> _DATA FOR THIS TASK_

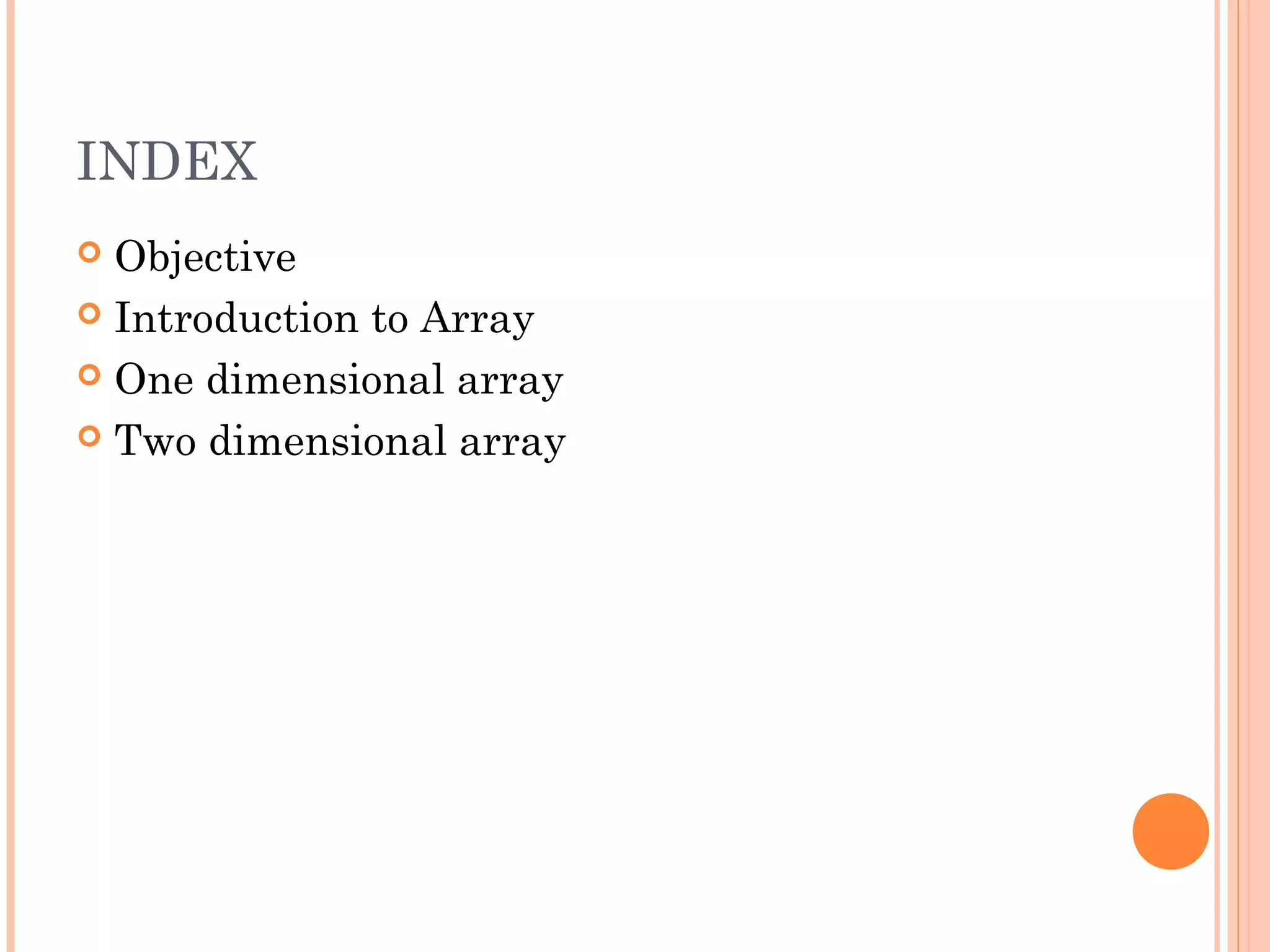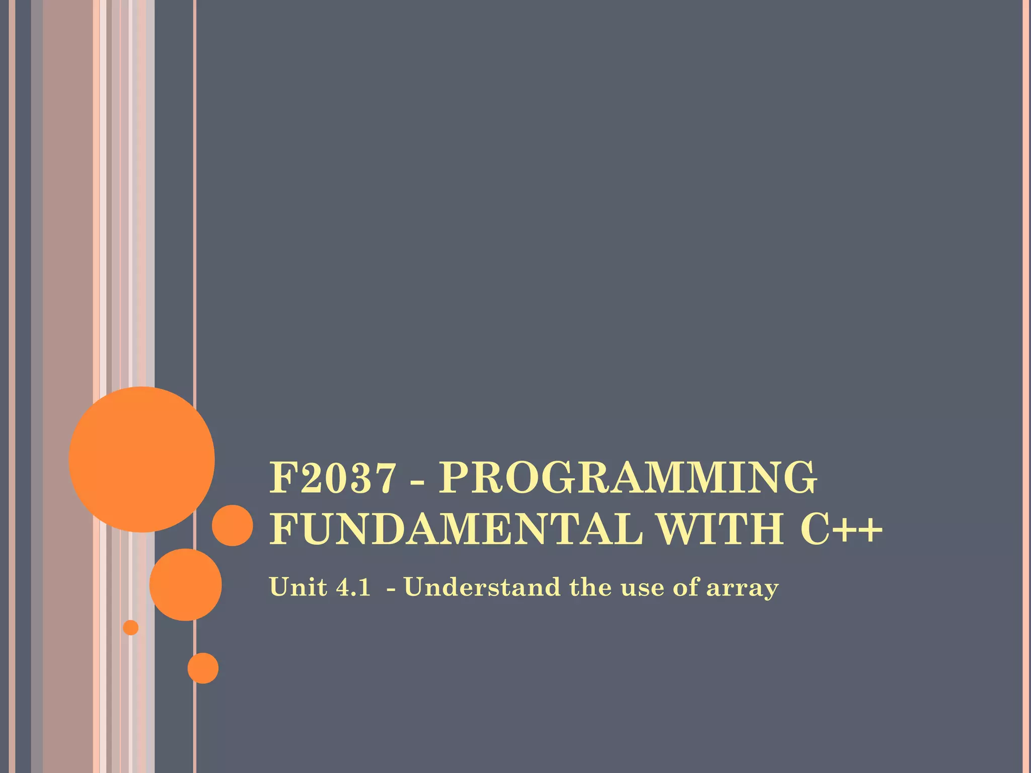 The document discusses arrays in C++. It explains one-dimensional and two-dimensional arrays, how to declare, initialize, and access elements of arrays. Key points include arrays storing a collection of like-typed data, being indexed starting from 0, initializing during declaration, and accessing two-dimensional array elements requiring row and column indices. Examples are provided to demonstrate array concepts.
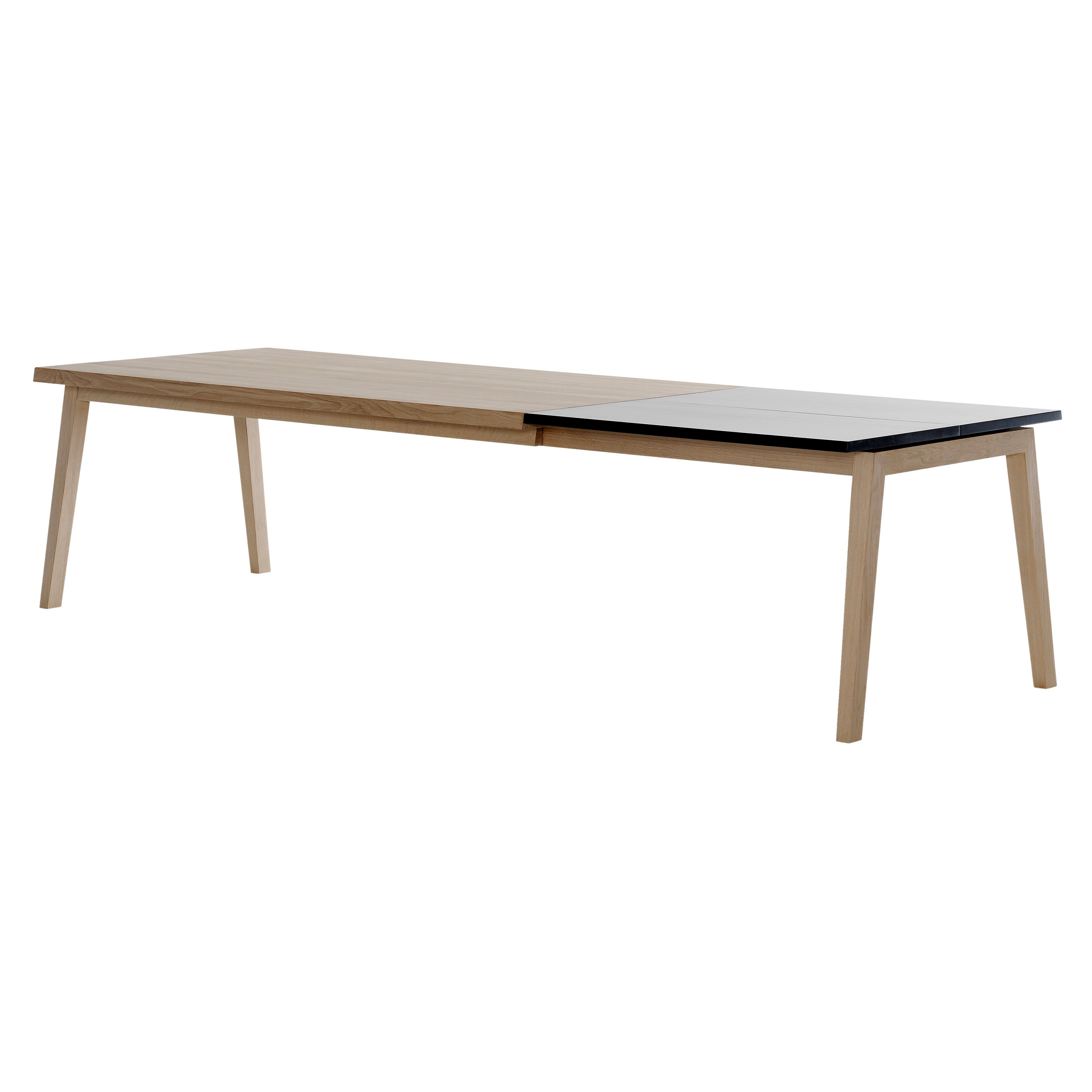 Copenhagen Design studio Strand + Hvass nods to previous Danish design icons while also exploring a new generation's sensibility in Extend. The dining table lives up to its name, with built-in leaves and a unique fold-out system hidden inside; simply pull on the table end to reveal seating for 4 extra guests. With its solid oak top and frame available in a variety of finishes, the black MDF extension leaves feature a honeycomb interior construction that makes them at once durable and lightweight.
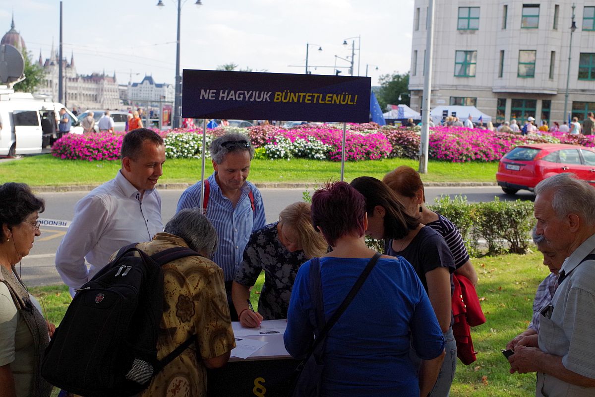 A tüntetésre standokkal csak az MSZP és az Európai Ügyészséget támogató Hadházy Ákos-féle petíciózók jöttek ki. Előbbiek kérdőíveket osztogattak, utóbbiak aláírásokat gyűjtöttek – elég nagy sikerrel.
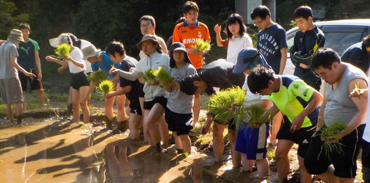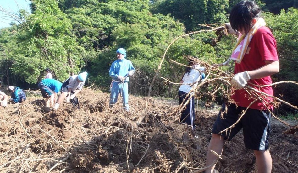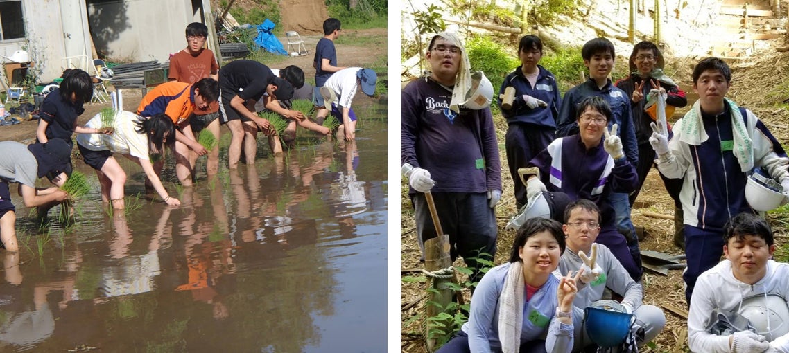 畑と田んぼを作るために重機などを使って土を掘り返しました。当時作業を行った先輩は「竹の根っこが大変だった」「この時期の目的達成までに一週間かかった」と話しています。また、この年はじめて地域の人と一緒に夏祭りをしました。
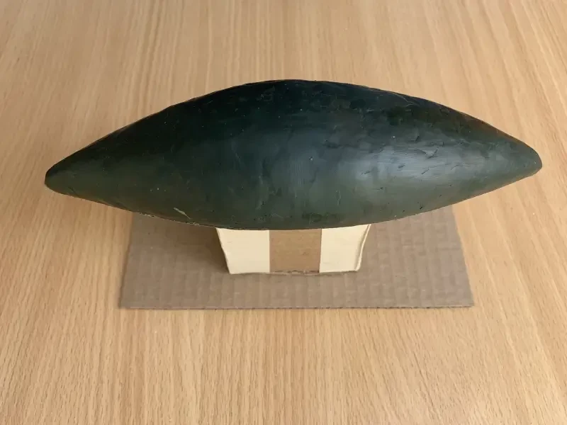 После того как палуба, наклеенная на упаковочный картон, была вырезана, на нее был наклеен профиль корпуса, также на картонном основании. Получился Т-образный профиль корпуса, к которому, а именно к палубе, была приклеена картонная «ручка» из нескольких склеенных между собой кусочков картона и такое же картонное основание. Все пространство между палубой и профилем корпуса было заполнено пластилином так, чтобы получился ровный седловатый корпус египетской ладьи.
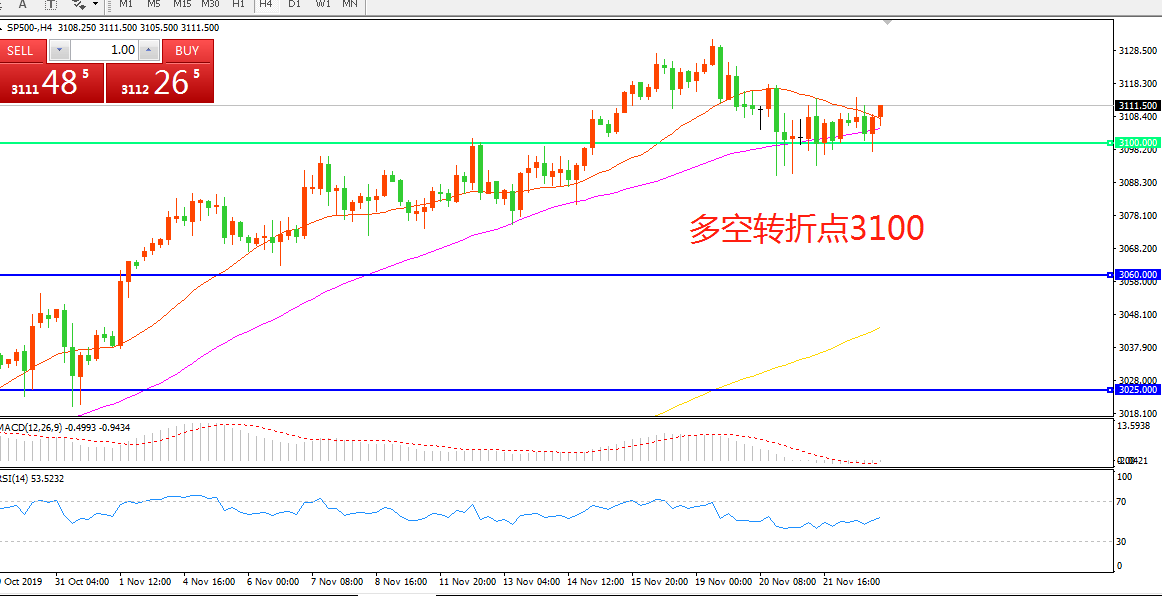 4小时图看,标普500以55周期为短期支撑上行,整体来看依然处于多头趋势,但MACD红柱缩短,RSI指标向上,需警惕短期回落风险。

> _PROBLEM_
The expected output is every entry, retyped exactly, with all pictures removed.

> _REPLY TO THE EXERCISE_
 The document discusses arrays in C++. It explains one-dimensional and two-dimensional arrays, how to declare, initialize, and access elements of arrays. Key points include arrays storing a collection of like-typed data, being indexed starting from 0, initializing during declaration, and accessing two-dimensional array elements requiring row and column indices. Examples are provided to demonstrate array concepts.
 Copenhagen Design studio Strand + Hvass nods to previous Danish design icons while also exploring a new generation's sensibility in Extend. The dining table lives up to its name, with built-in leaves and a unique fold-out system hidden inside; simply pull on the table end to reveal seating for 4 extra guests. With its solid oak top and frame available in a variety of finishes, the black MDF extension leaves feature a honeycomb interior construction that makes them at once durable and lightweight.
 A tüntetésre standokkal csak az MSZP és az Európai Ügyészséget támogató Hadházy Ákos-féle petíciózók jöttek ki. Előbbiek kérdőíveket osztogattak, utóbbiak aláírásokat gyűjtöttek – elég nagy sikerrel.
 畑と田んぼを作るために重機などを使って土を掘り返しました。当時作業を行った先輩は「竹の根っこが大変だった」「この時期の目的達成までに一週間かかった」と話しています。また、この年はじめて地域の人と一緒に夏祭りをしました。
 После того как палуба, наклеенная на упаковочный картон, была вырезана, на нее был наклеен профиль корпуса, также на картонном основании. Получился Т-образный профиль корпуса, к которому, а именно к палубе, была приклеена картонная «ручка» из нескольких склеенных между собой кусочков картона и такое же картонное основание. Все пространство между палубой и профилем корпуса было заполнено пластилином так, чтобы получился ровный седловатый корпус египетской ладьи.
 4小时图看,标普500以55周期为短期支撑上行,整体来看依然处于多头趋势,但MACD红柱缩短,RSI指标向上,需警惕短期回落风险。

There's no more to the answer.